***** SUPPLIED RECORDS *****
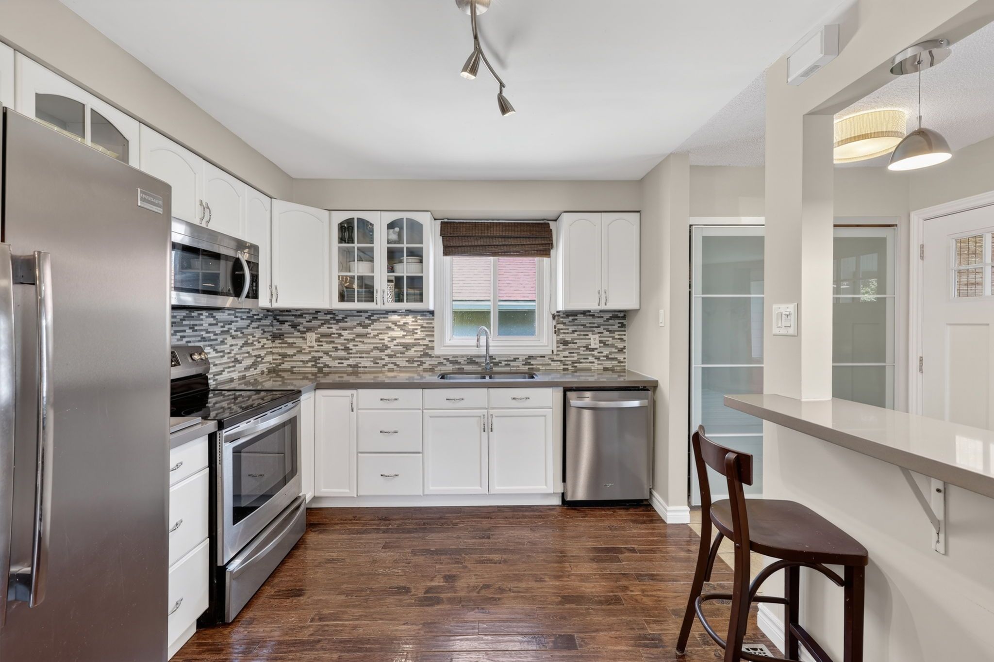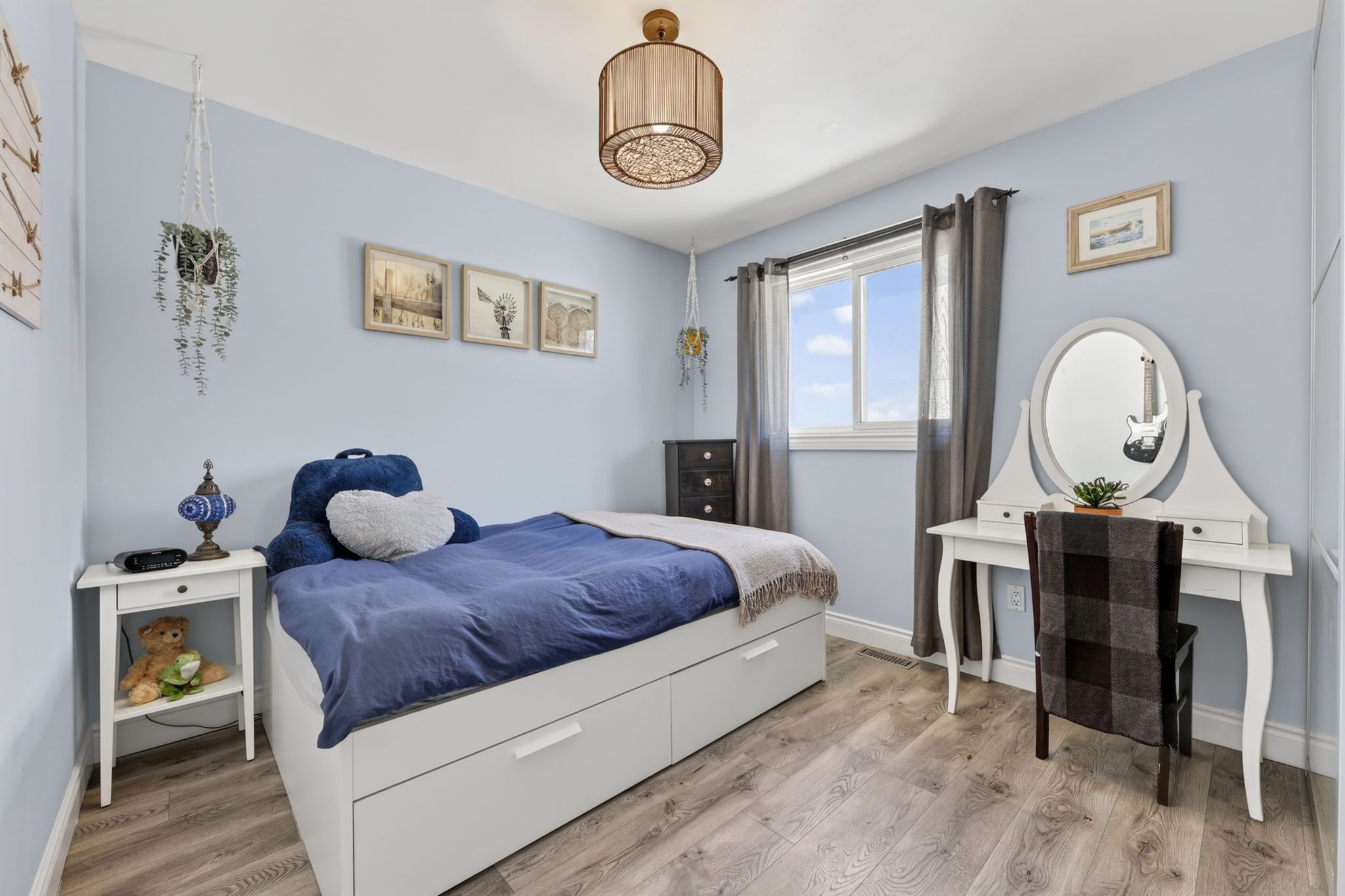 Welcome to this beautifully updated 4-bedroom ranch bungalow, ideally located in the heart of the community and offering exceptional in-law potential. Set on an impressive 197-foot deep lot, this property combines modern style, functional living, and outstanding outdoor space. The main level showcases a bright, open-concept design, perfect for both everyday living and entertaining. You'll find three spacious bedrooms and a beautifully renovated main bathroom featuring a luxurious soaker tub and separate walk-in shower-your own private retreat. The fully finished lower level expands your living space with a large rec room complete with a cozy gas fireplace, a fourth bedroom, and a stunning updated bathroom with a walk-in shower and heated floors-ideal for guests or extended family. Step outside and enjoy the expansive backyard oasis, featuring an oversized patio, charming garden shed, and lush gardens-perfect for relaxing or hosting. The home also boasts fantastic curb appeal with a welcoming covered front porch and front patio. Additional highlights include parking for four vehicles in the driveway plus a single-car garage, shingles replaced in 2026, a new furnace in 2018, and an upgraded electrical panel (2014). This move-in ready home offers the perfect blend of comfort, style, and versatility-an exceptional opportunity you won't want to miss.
*****
***** SUPPLIED RECORDS *****
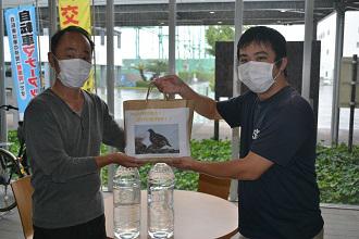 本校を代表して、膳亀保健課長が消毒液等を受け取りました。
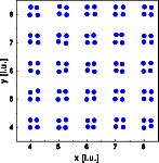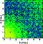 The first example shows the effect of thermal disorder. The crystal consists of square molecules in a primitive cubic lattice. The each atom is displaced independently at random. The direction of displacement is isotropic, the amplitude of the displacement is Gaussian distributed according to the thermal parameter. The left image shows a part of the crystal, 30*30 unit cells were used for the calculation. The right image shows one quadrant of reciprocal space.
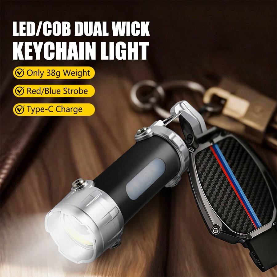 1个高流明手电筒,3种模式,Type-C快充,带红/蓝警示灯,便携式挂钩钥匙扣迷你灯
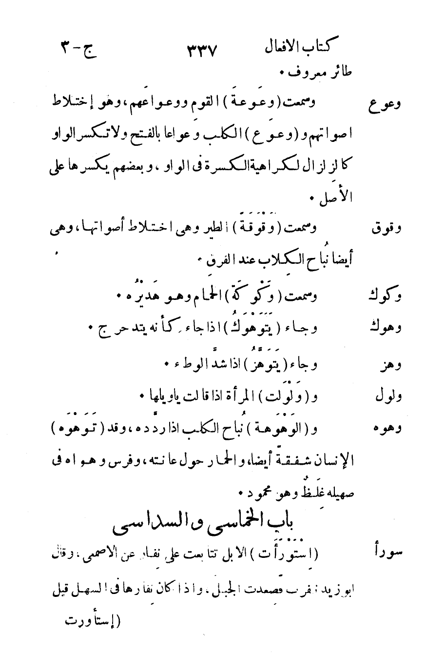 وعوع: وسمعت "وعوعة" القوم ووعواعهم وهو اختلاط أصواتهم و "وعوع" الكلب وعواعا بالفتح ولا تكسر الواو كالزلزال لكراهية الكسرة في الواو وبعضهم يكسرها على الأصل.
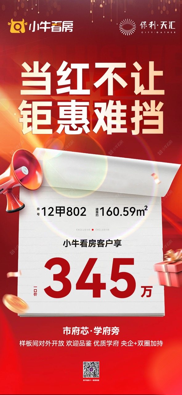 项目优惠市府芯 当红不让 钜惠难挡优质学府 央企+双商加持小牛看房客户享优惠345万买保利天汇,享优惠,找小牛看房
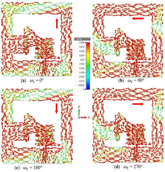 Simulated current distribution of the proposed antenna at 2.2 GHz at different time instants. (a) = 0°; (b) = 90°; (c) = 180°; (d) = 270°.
*****
Extract from the material above the stretch running from the line containing "1个高流明手电筒,3种模式,Type-C" through the line containing "Simulated current distribution". Keep the text exact and the pictures out.

 1个高流明手电筒,3种模式,Type-C快充,带红/蓝警示灯,便携式挂钩钥匙扣迷你灯
 وعوع: وسمعت "وعوعة" القوم ووعواعهم وهو اختلاط أصواتهم و "وعوع" الكلب وعواعا بالفتح ولا تكسر الواو كالزلزال لكراهية الكسرة في الواو وبعضهم يكسرها على الأصل.
 项目优惠市府芯 当红不让 钜惠难挡优质学府 央企+双商加持小牛看房客户享优惠345万买保利天汇,享优惠,找小牛看房
 Simulated current distribution of the proposed antenna at 2.2 GHz at different time instants. (a) = 0°; (b) = 90°; (c) = 180°; (d) = 270°.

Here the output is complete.